(Stored items)
=======

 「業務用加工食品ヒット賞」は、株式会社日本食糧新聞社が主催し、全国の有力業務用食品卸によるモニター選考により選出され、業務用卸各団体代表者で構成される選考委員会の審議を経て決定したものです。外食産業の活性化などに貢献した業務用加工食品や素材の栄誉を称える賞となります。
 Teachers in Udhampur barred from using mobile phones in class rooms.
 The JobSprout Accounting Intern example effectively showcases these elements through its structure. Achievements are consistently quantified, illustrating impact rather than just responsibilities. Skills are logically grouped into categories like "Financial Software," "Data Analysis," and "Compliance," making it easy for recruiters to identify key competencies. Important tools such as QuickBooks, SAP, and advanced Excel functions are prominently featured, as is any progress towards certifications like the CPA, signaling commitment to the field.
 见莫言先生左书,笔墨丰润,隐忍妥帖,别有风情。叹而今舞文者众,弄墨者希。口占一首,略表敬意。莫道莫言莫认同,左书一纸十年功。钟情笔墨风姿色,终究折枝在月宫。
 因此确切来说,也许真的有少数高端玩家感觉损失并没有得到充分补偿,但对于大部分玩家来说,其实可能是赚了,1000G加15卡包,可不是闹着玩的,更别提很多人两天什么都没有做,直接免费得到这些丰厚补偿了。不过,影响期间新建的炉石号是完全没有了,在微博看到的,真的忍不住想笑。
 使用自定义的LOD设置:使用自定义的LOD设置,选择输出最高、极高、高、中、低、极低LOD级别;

=======

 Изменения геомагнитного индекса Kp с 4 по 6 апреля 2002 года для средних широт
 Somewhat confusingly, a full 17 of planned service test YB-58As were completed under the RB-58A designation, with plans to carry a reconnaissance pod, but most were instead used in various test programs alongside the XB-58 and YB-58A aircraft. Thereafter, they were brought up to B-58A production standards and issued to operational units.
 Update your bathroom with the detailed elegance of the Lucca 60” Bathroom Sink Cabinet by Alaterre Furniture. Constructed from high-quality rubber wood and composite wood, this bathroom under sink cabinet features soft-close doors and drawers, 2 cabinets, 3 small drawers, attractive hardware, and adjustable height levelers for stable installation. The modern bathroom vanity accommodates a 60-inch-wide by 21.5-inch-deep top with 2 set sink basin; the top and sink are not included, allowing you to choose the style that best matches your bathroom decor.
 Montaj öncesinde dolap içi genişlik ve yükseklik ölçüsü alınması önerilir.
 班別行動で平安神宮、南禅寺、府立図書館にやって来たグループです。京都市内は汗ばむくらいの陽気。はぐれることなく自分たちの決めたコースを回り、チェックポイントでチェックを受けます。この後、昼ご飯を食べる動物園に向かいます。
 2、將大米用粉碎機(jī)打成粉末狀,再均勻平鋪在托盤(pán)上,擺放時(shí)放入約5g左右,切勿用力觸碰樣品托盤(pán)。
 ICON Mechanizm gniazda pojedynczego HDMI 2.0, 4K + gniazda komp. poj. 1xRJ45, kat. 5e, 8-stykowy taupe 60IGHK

=======

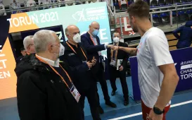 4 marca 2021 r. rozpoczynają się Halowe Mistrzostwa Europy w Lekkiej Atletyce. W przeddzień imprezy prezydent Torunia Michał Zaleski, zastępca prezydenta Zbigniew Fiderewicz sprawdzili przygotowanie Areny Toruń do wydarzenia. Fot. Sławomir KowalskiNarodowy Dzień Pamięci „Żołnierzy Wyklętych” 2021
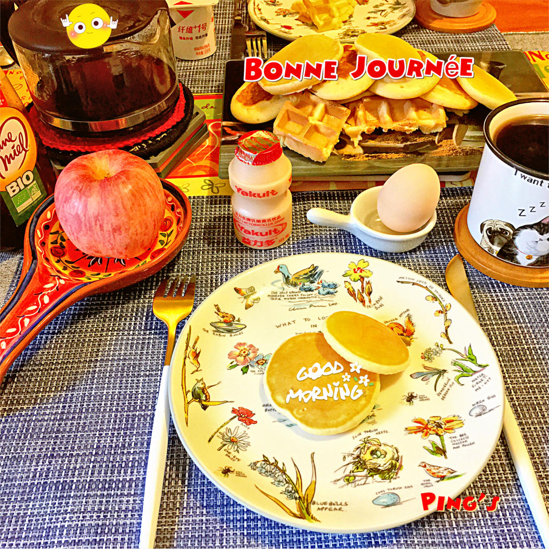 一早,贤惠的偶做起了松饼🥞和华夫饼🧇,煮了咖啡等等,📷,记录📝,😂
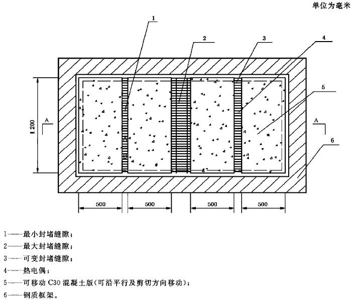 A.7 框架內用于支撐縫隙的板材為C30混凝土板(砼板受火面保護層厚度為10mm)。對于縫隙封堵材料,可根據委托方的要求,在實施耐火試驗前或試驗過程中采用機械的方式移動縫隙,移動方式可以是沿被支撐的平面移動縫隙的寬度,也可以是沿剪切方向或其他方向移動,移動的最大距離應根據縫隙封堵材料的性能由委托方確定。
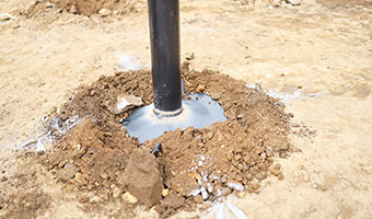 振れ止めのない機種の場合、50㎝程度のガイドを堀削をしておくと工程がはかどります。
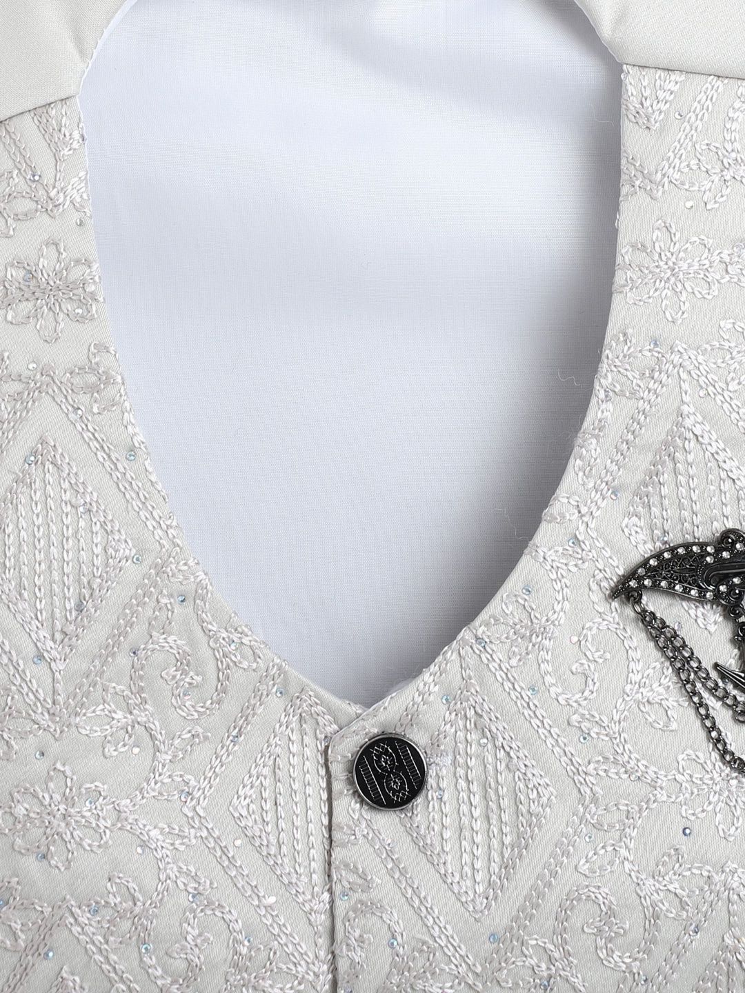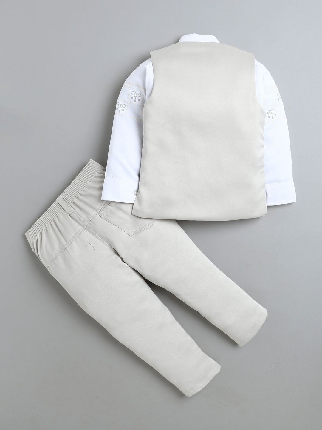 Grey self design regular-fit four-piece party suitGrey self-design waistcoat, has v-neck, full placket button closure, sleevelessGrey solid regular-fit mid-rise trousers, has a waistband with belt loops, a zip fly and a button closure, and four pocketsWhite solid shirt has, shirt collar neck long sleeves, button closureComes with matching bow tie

=======

▶ [Exercise goal]: Once you find the line with "The JobSprout Accounting" in the entries above, output it and each line after it up to and including the line with "因此确切来说,也许真的有少数", and nothing else.

▶ [Solution for this task]:
 The JobSprout Accounting Intern example effectively showcases these elements through its structure. Achievements are consistently quantified, illustrating impact rather than just responsibilities. Skills are logically grouped into categories like "Financial Software," "Data Analysis," and "Compliance," making it easy for recruiters to identify key competencies. Important tools such as QuickBooks, SAP, and advanced Excel functions are prominently featured, as is any progress towards certifications like the CPA, signaling commitment to the field.
 见莫言先生左书,笔墨丰润,隐忍妥帖,别有风情。叹而今舞文者众,弄墨者希。口占一首,略表敬意。莫道莫言莫认同,左书一纸十年功。钟情笔墨风姿色,终究折枝在月宫。
 因此确切来说,也许真的有少数高端玩家感觉损失并没有得到充分补偿,但对于大部分玩家来说,其实可能是赚了,1000G加15卡包,可不是闹着玩的,更别提很多人两天什么都没有做,直接免费得到这些丰厚补偿了。不过,影响期间新建的炉石号是完全没有了,在微博看到的,真的忍不住想笑。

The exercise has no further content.